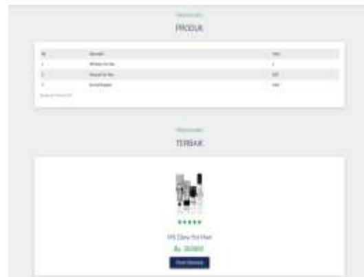
Gambar 3.4 Halaman Hasil Perangkingan

Pada halaman proses SAW berjalan hingga hasil perangkingan, berikut adalah hasil perangkingan rekomendasi skincare setelah menginputkan keluhan wajah:
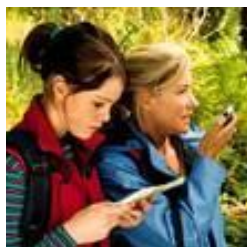
تماس با فشار یک کلید

کاربران می توانند به اشتراک پست الکترونیکی شخصی و کاری خود بصورت آنلاین و یا آفلاین دسترسی داشته باشند و پیام های خود را بخوانند و بنویسند.
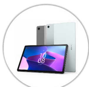
Tablette numérique avec clavier & pochette*
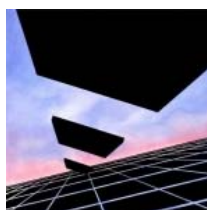
Michel Guéranger, Space, 1975, olio su tela, cm 90x90. Collezione dell'artista.
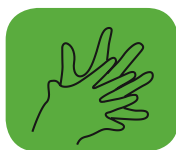
...entre les doigts
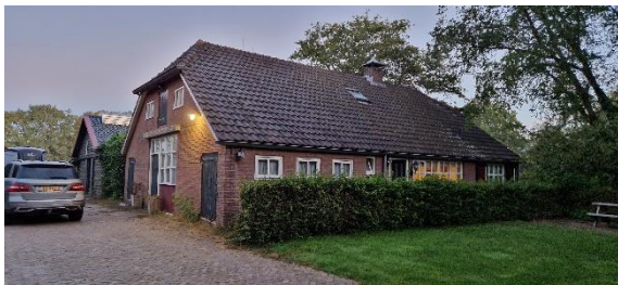
Afbeelding 14. Woonhuis

Op afbeelding 26 zijn de locaties van het woonhuis en de schuren te zien. Het erf van Oosterdalfsersteeg heeft een woonhuis, een paardenstal en drie schuren. De schuren worden dagelijks als opslag voor verkoop van paarden attributen gebruikt. Het woonhuis heeft geen open stootvoegen. Er is geen oppervlaktewater aanwezig. Het woonhuis blijft behouden. De paardenstal en de vier schuren worden gesloopt.
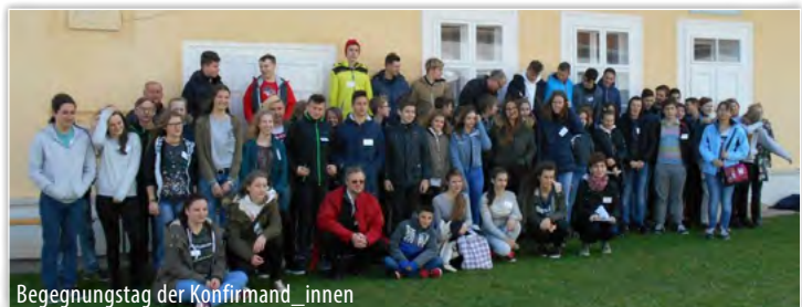
Begegnungstag der Konfirmand_innen
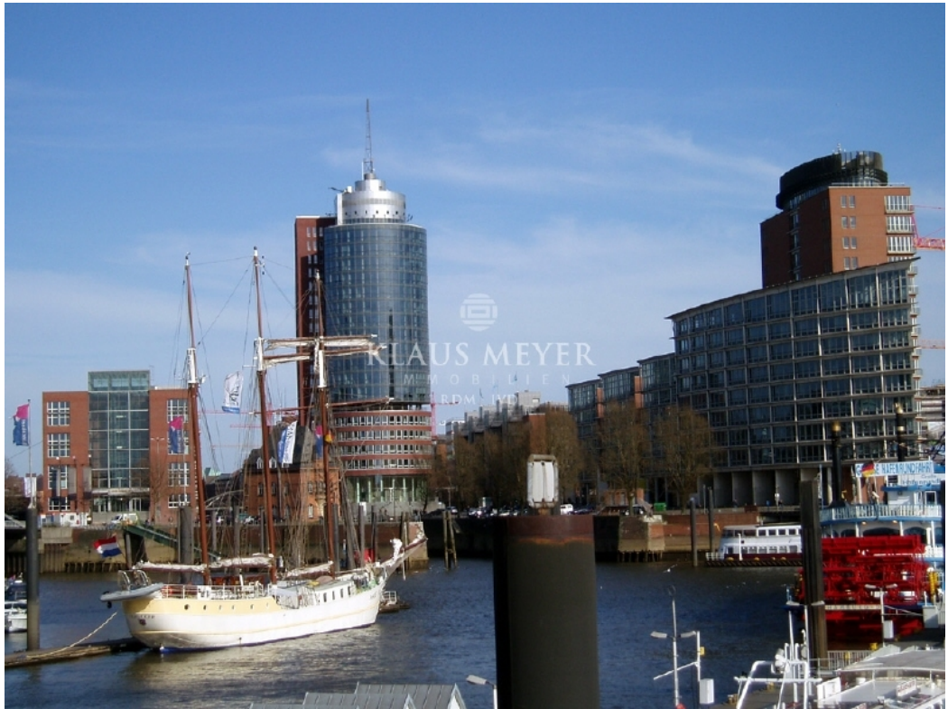
Gebäudekomplex Columbus amundsen Elbansicht kmi weiss 49

**PROBLEM STATEMENT**
The full listing must come back exactly as written, with its pictures left out.

**EXPECTED OUTPUT**
Gambar 3.4 Halaman Hasil Perangkingan

Pada halaman proses SAW berjalan hingga hasil perangkingan, berikut adalah hasil perangkingan rekomendasi skincare setelah menginputkan keluhan wajah:
تماس با فشار یک کلید

کاربران می توانند به اشتراک پست الکترونیکی شخصی و کاری خود بصورت آنلاین و یا آفلاین دسترسی داشته باشند و پیام های خود را بخوانند و بنویسند.
Tablette numérique avec clavier & pochette*
Michel Guéranger, Space, 1975, olio su tela, cm 90x90. Collezione dell'artista.
...entre les doigts
Afbeelding 14. Woonhuis

Op afbeelding 26 zijn de locaties van het woonhuis en de schuren te zien. Het erf van Oosterdalfsersteeg heeft een woonhuis, een paardenstal en drie schuren. De schuren worden dagelijks als opslag voor verkoop van paarden attributen gebruikt. Het woonhuis heeft geen open stootvoegen. Er is geen oppervlaktewater aanwezig. Het woonhuis blijft behouden. De paardenstal en de vier schuren worden gesloopt.
Begegnungstag der Konfirmand_innen
Gebäudekomplex Columbus amundsen Elbansicht kmi weiss 49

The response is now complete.